Author: BioCeuticals - Editor
The bioavailable and metabolically active coenzyme form of vitamin B12, methylcobalamin, is now available to the Australian market - making it easier to assist in the management of dietary vitamin B12 deficiency.
Vitamin B12 is essential for the healthy functioning of every cell in the body. It helps make our DNA and red blood cells, and it has a key role in the normal function of the brain and nervous system.
Your body doesn't make vitamin B12; we need to get it from animal-based foods or from supplements and it needs to be consumed on a regular basis. It is rarely found in plant foods.
Since vitamin B12 is found almost exclusively in animal-based foods, it is a nutrient of potential concern for those following a vegetarian or vegan diet.
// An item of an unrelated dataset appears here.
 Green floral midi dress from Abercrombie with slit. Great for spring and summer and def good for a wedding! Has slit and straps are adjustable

Vegans, the elderly, and anyone who significantly limits intake of animal-based foods, may require vitamin B12-fortified foods or supplements.
What is methylcobalamin?
Methylcobalamin is the bioavailable and metabolically active coenzyme form of vitamin B12. It is involved in the healthy function of the methylation pathway, and may assist in the management of dietary vitamin B12 deficiency.
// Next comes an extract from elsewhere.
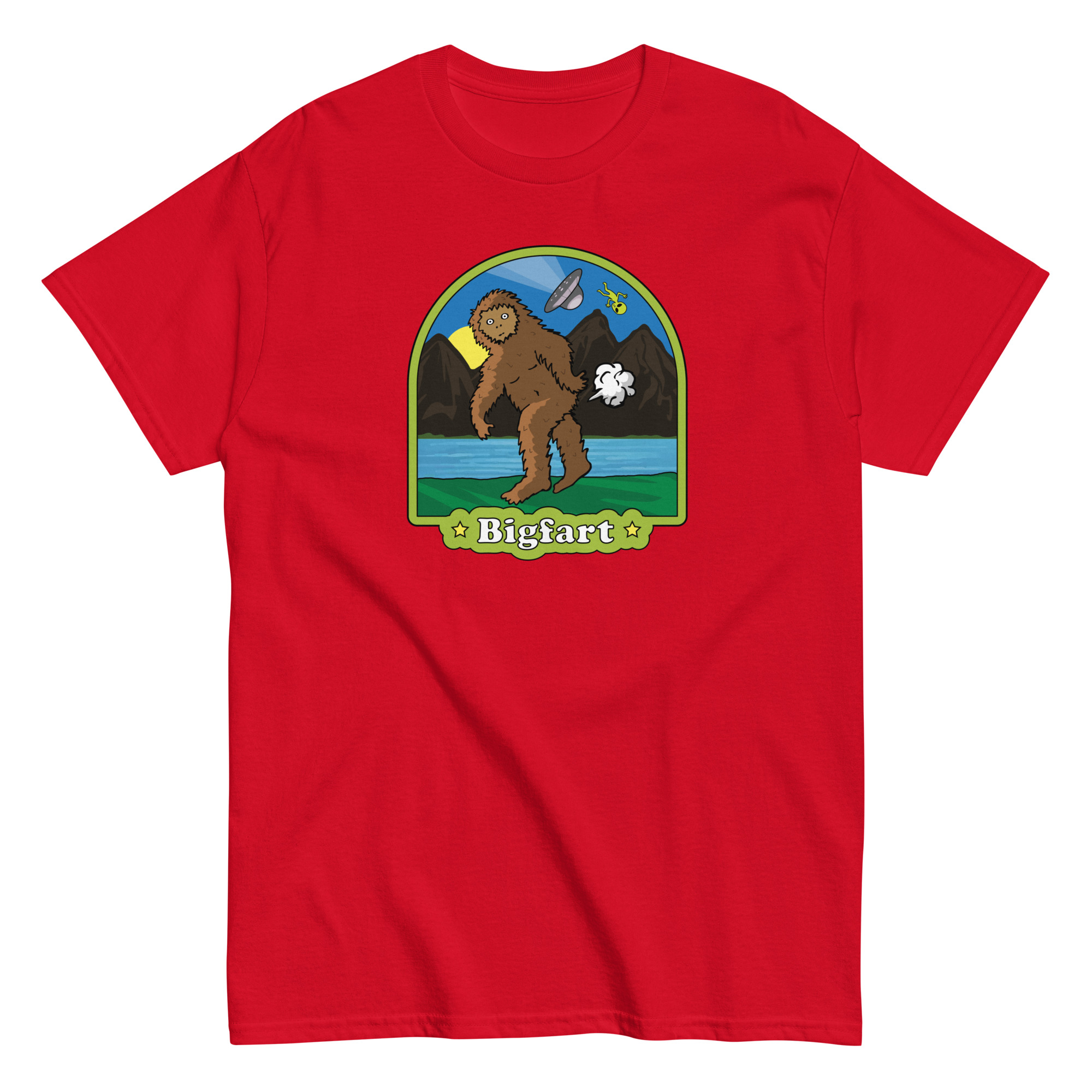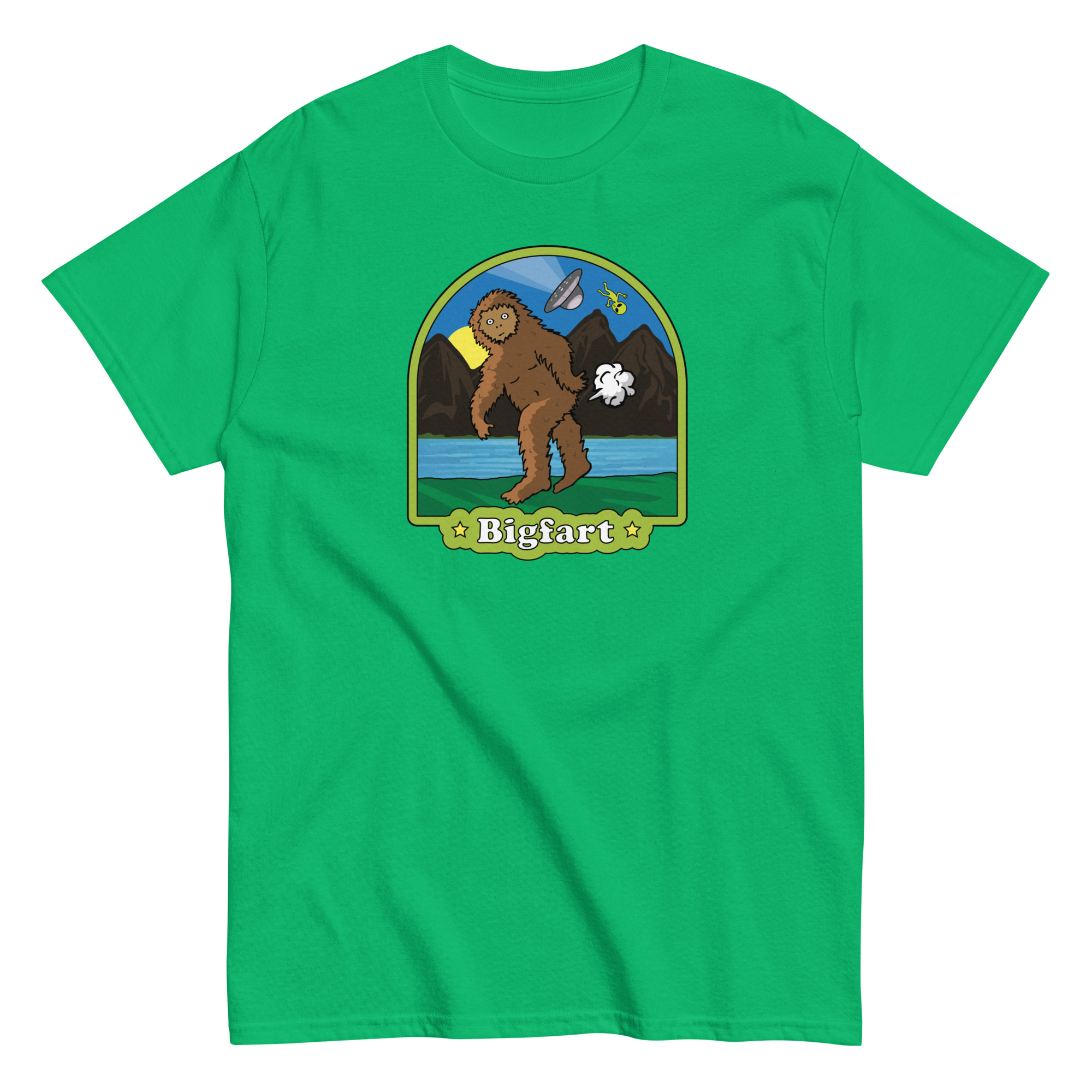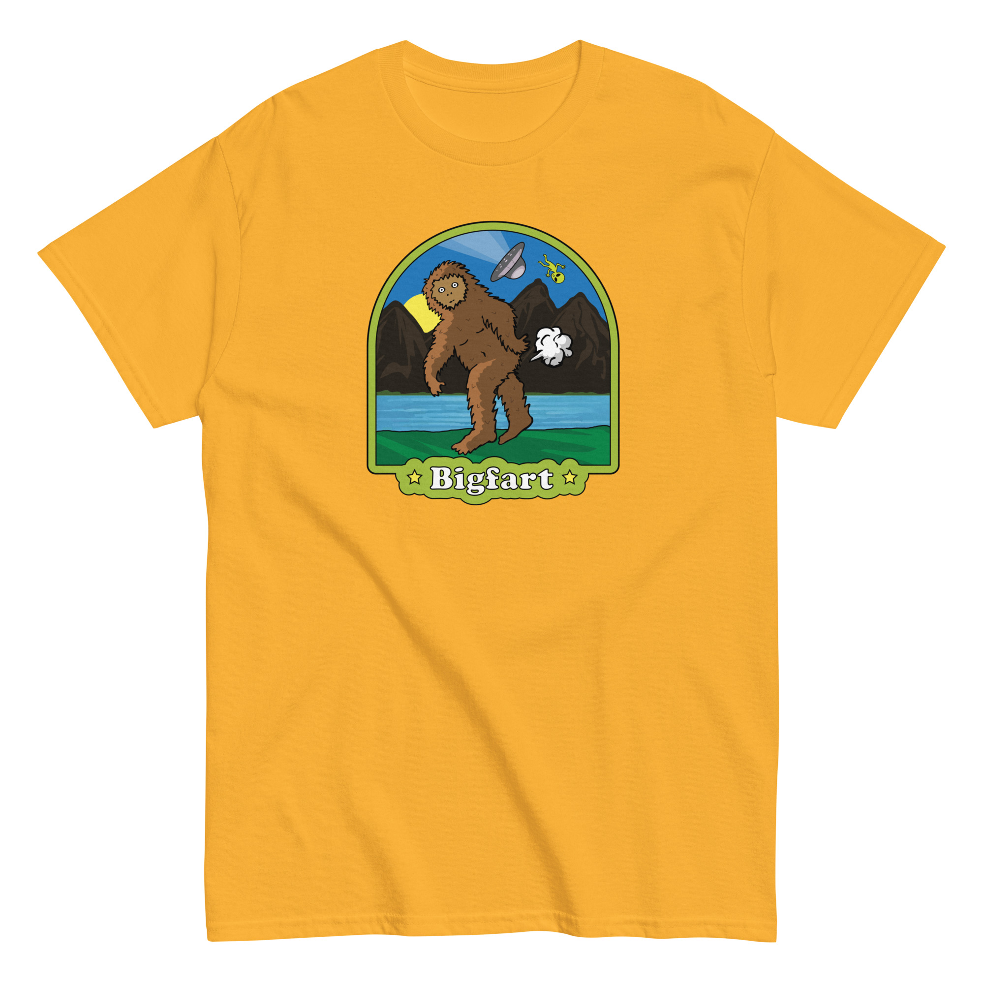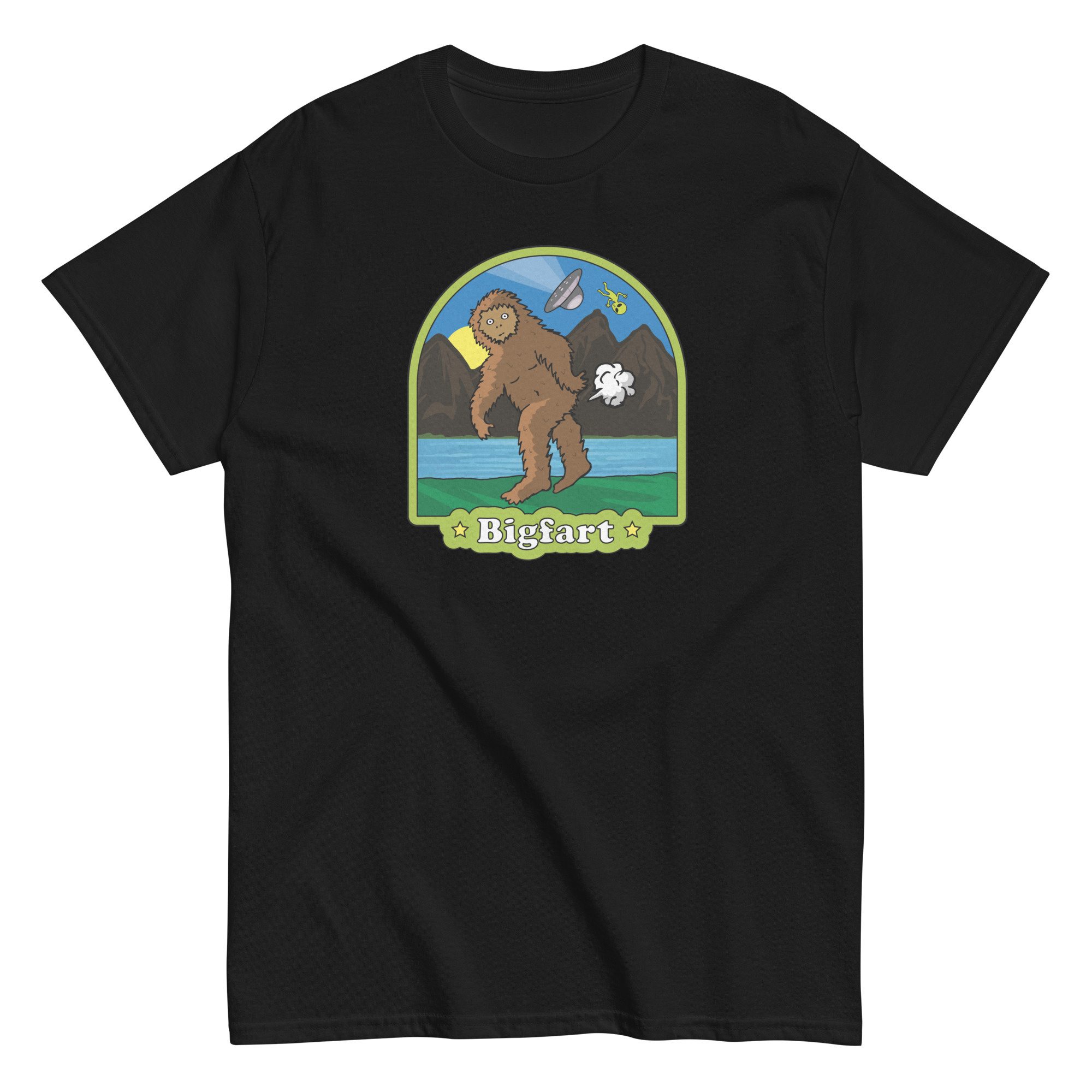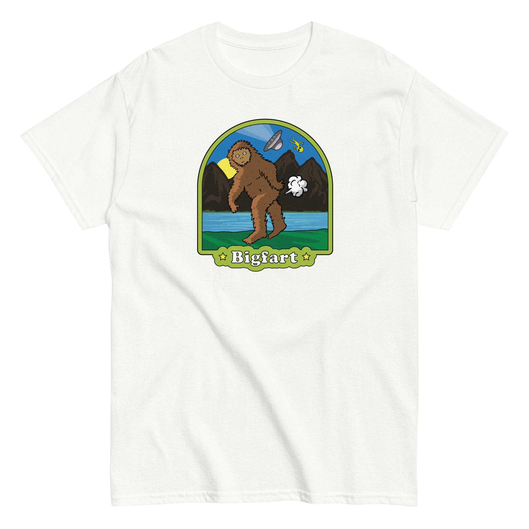 Bigfoot lets out a big one! So powerful, it knocks an alien out of it’s spaceship! This funny bigfoot t-shirt shows that even legendary creatures can’t control their bodily functions sometimes.

Methylcobalamin is a new ingredient for use in Australian listed medicines. Many vitamin B12 supplements on the market contain the cyanocobalamin form. The liver is able to convert a small amount of cyanocobalamin to methylcobalamin; however, methylcobalamin is preferred since it bypasses the conversion requirements of the cyanocobalamin form, making it the bioactive form and therefore better utilised.
Human urinary excretion of methylcobalamin is about one-third that of a similar dose of cyanocobalamin, indicating substantially greater tissue retention.
One of the ways in which B12 is absorbed is by passive diffusion across mucosal membranes. Therefore, oral supplementation of B12, such as a chewable tablet form, is an effective method, and carries the added benefits of lower cost and ease of administration.[2,3]
For optimal treatment outcomes, ask your healthcare practitioner to recommend a methyl B12 supplement which can provide 1000-6000mcg per day - this therapeutic dosage has been shown to provide clinical effect.
Vitamin B12 is involved in:
- the maintenance of a healthy nervous system and nerve function
- maintaining healthy plasma homocysteine levels
- DNA synthesis and normal cell division
- normal healthy red blood cells
- a healthy immune function
Could you be vitamin B12 deficient?
Vitamin B12 deficiency is often underdiagnosed. The blood, the nervous system (which encompasses both the nerves and the brain) and the gastrointestinal tract are affected by vitamin B12 deficiency.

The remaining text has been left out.